Erfordert Marktwirtschaft die liberale Demokratie?
EBRD ist die einzige Entwicklungsbank mit einem politischen Mandat. Dieses fordert die EBRD auf, nicht nur für den Übergang zu einer tragfähigen Marktwirtschaft zu sorgen, sondern dies nur unter Beachtung des Fortschritts des jeweiligen Landes zur pluralistischen Demokratie zu tun.
Diese Denkweise, Demokratie mit Marktwirtschaft quasi gleichzusetzen, war unmittelbar nach dem Zerfall der Sowjetunion und der Gründung der EBRD im Jahr 1991 verständlich. In der Zwischenzeit schleichen sich jedoch Zweifel ein: eine ganze Reihe von EBRD-Klienten hält auf dem Weg zur Demokratie inne oder schreitet sogar zurück, trotzdem geht der wirtschaftliche Aufholprozess zur Marktwirtschaft voran.
Die damals verständliche negative Einstellung zum Staat hatte zur Folge, dass Staatseigentum massiv und rasch privatisiert wurde, da der Staat vollkommen desavouiert war. Folge war die Anhäufung früher gemeinwirtschaftlichen Reichtums in den Händen weniger. Diese bekamen damit auch grossen politischen Einfluss, den sie zur weiteren Bereicherung und Absicherung ihres Reichtums nutzten.
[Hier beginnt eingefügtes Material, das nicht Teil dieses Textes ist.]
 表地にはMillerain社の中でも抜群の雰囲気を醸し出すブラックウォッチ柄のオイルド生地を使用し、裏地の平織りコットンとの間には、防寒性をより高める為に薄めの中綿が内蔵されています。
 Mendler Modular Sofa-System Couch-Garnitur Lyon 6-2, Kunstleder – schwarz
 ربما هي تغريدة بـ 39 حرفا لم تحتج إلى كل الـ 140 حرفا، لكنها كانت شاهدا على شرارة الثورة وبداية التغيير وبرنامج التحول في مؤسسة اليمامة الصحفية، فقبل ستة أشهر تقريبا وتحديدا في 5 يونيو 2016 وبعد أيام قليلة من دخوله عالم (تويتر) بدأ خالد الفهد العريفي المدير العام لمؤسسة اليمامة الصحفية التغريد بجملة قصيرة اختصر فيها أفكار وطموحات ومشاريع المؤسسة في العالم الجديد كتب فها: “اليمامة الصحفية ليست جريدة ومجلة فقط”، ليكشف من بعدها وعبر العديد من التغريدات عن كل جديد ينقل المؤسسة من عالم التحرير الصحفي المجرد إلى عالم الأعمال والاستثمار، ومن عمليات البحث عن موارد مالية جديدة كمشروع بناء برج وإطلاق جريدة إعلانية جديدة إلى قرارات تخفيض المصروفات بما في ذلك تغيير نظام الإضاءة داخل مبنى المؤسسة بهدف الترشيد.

In der Zwischenzeit hat man erkannt, dass auch in den Transitionsländern ein starker Staat als Regulator notwendig ist, um die Rahmenbedingungen für das Funktionieren einer wettbewerblichen Marktwirtschaft durchzusetzen, sowohl im Finanzbereich, bei der Sicherung der Eigentumsrechte als auch bei der Durchsetzung von Wettbewerb und Arbeitsnormen. Die frühe Privatisierungs-“manie” hat oftmals Staatsmonopol durch Privatmonopol ersetzt und, vor allem im Bereich der öffentlichen Dienstleistungen zu exorbitanten Tarifen und wenig Investition geführt – und damit die Bürger zynisch werden lassen. Damit einhergehende Korruption durch politische und private Eliten hat ganze Gesellschaften mit Korruption durchseucht („wenn die da oben… dann dürfen auch wir“).
Eine realistischere Einstellung zum Staat als Eigentümer sollte Institutionen wie die EBRD dazu führen, der Kommerzialisierung von Versorgungsleistungen Priorität zu geben, damit allgemeiner leistbarer Zugang zu hochqualitativenLeistungen gesichert wird – und eventuell erst in weiterer Folge eine mögliche Privatisierung zu unterstützen – und nicht umgekehrt.
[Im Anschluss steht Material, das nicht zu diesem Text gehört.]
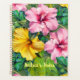 Tropical hibiscus and leaves weekly planner. Personalize this pretty, spiral bound book with a name on the front, or other text. Use one or two lines. Pink and yellow hibiscus flowers, along with big green jungle leaves, cover the front and back of planners in two size, 5x8 or 8x11. Makes a nice gift for a bride planning a wedding, or bridesmaids as thank-you gifts.
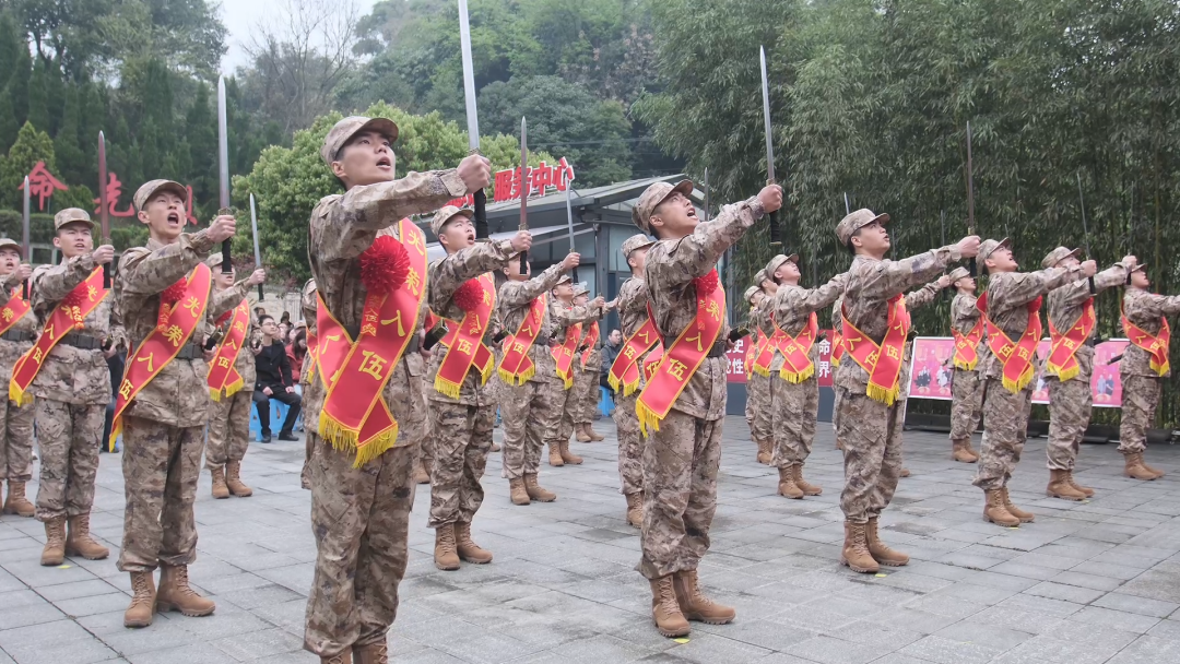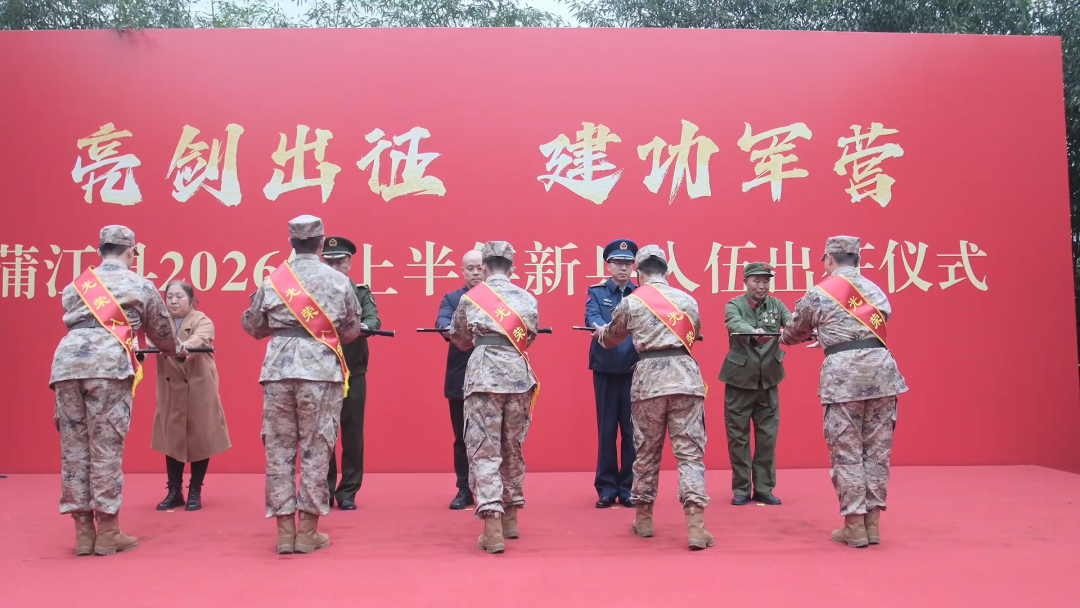 在四川蒲江县新兵出征仪式上,新兵们获赠象征使命与荣光的“从戎剑”。在家乡父老的深情注视下,全体新兵庄严亮剑,许下用青春和热血守护家国安宁的庄严承诺。
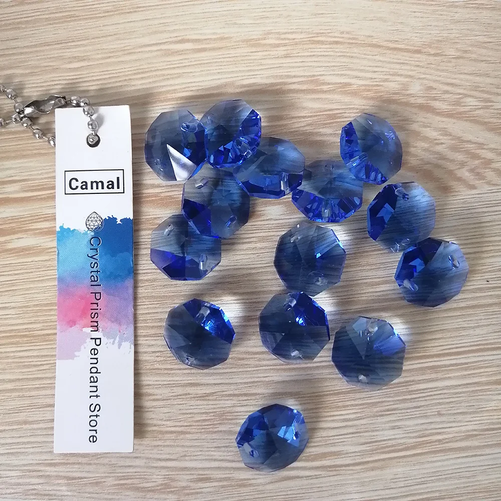 Camal 20 шт синий 14 мм Хрустальные Восьмиугольные бусины два отверстия призмы люстра части лампы аксессуары DIY свадебный центральный предмет
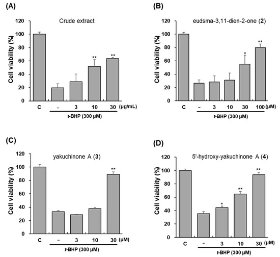 Protection against t-BHP-induced toxicity of total extract (A) and pure compounds 2–4 (B–D) from A. oxyphylla. HepG2-ARE cells were pre-treated with each compound (3, 10, 30, or 100 µM) for 12 h and added t-BHP (300 µM) for 4 h. Data are presented as the mean ± S.D. (n = 3). * p < 0.05, ** p < 0.01 (compared with the vehicle-treated control).
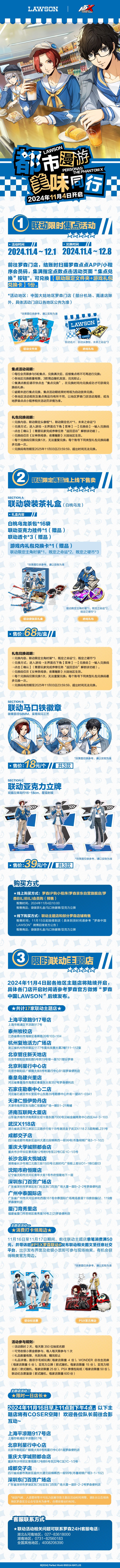 活动期间前往罗森门店,完成指定集点任务,可兑换【联动文件夹+游戏礼包兑换卡】1份。(*共3款,款式随机,先到先得,兑完即止)
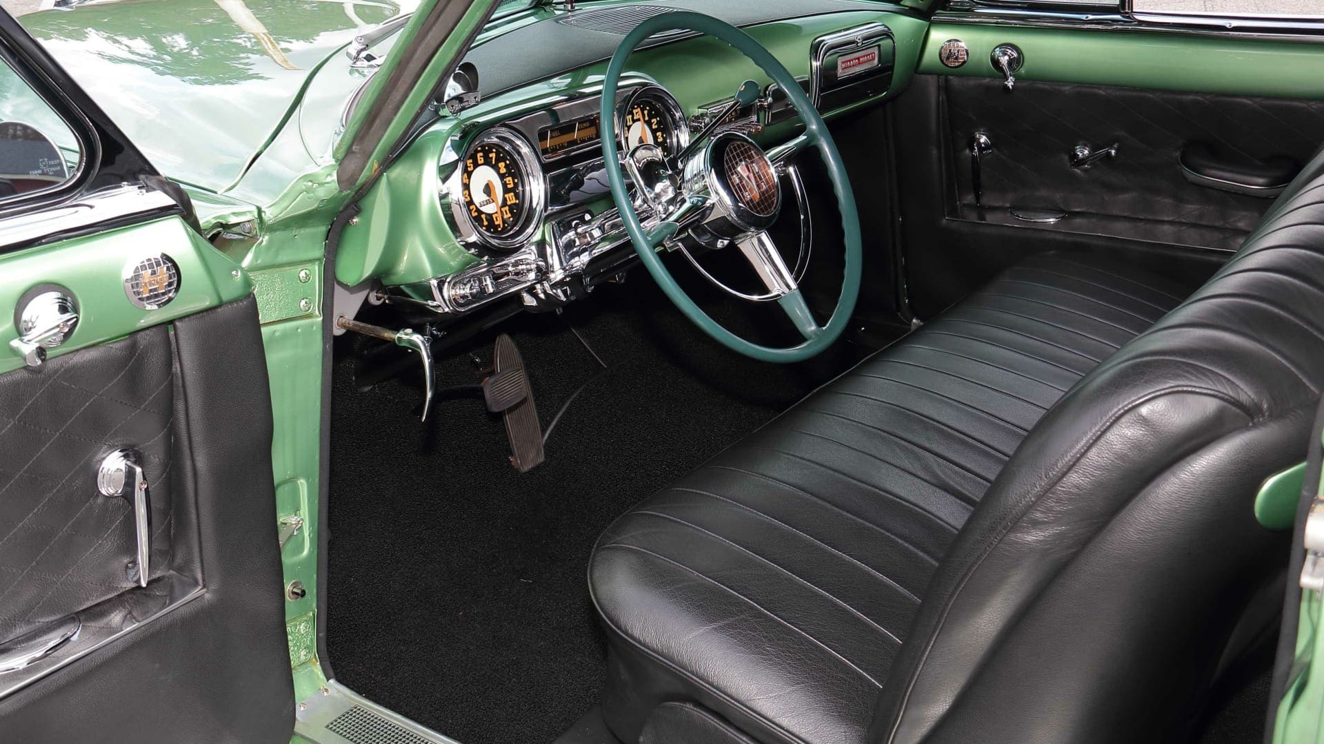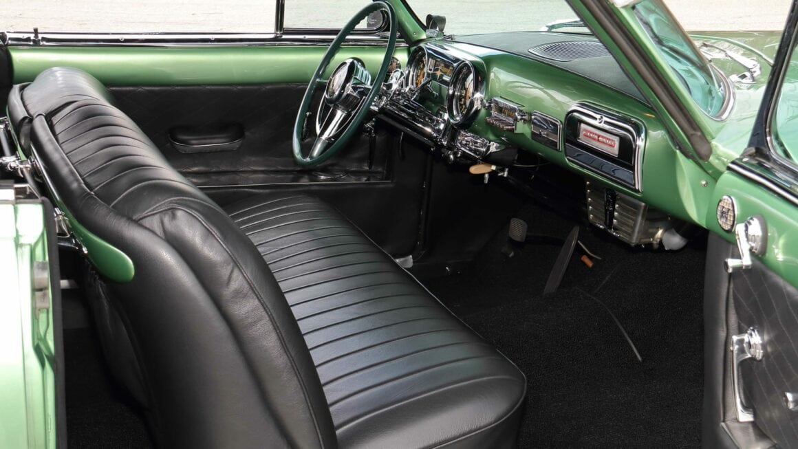 Elle restait la même, année après année. Finalement, le constructeur automobile américain s’est ainsi auto-exclu en raison de l’évolution constante des carrosseries boulonnées sur les mêmes vieux châssis des trois grands constructeurs Ford, General Motors et Chrysler… Triste ! Cette Hudson Hornet a été sur-restaurée à très frais/dépenses sans aucune limitation durant 12 ans en Suède pour un coût de 300.000 $ ! Ce cabriolet Hudson Hornet ’52, très rare est peint en “Gulf Green” avec un toit convertible vert foncé et un intérieur noir, le tout immaculé. Avec des lignes de carrosserie élégantes et fluides et les roues arrières sous caches, la Hornet était super aérodynamique.

Der Aufstieg kapitalistischer nicht-demokratischer Staaten (historisch: Nazi-Deutschland, Italien, Chile; aktuell: China, Singapur) weckt Zweifel an der exklusiven Vorbildfunktion der OECD-Staaten für die Transitionsländer im Osten. Dazu kommt, dass die vielleicht naive Einheitsformel für Demokratie in Art. 1 der EBRD-Satzung zu wenig Rücksicht auf historische und kulturelle Eigenheiten vieler Staaten gelegt hat. Daher sollte Art. 1 in Zukunft stärker inhaltlich als formal interpretiert warden. Dabei geht es um Rechtsstaatlichkeit, Sicherung der Eigentumsrechte, Teilhabe der Bürgerinnen und zivilgesellschaflticher Institutionen und um ökonomische Verteilungsfragen. Die zunehmende Schwierigkeit, in liberaldemokratischen Ländern Bereitschaft zur Durchsetzung von globalen Kollektivgütern, wie Klimaschonung, Krankheitsverhinderung, Terrorbekämpfung und anderen zu finden, macht auch von “linker” Seite stärker autokratische Systeme akzeptabel. Die liberale Demokratie kommt daher sowohl von rechts wie von links unter Druck (siehe dazu das hervorrragende Buch von Azar Gat. Victorious and Vulnerable. Hoover Studien, Standford University, Rowman and Littlefield, 2010).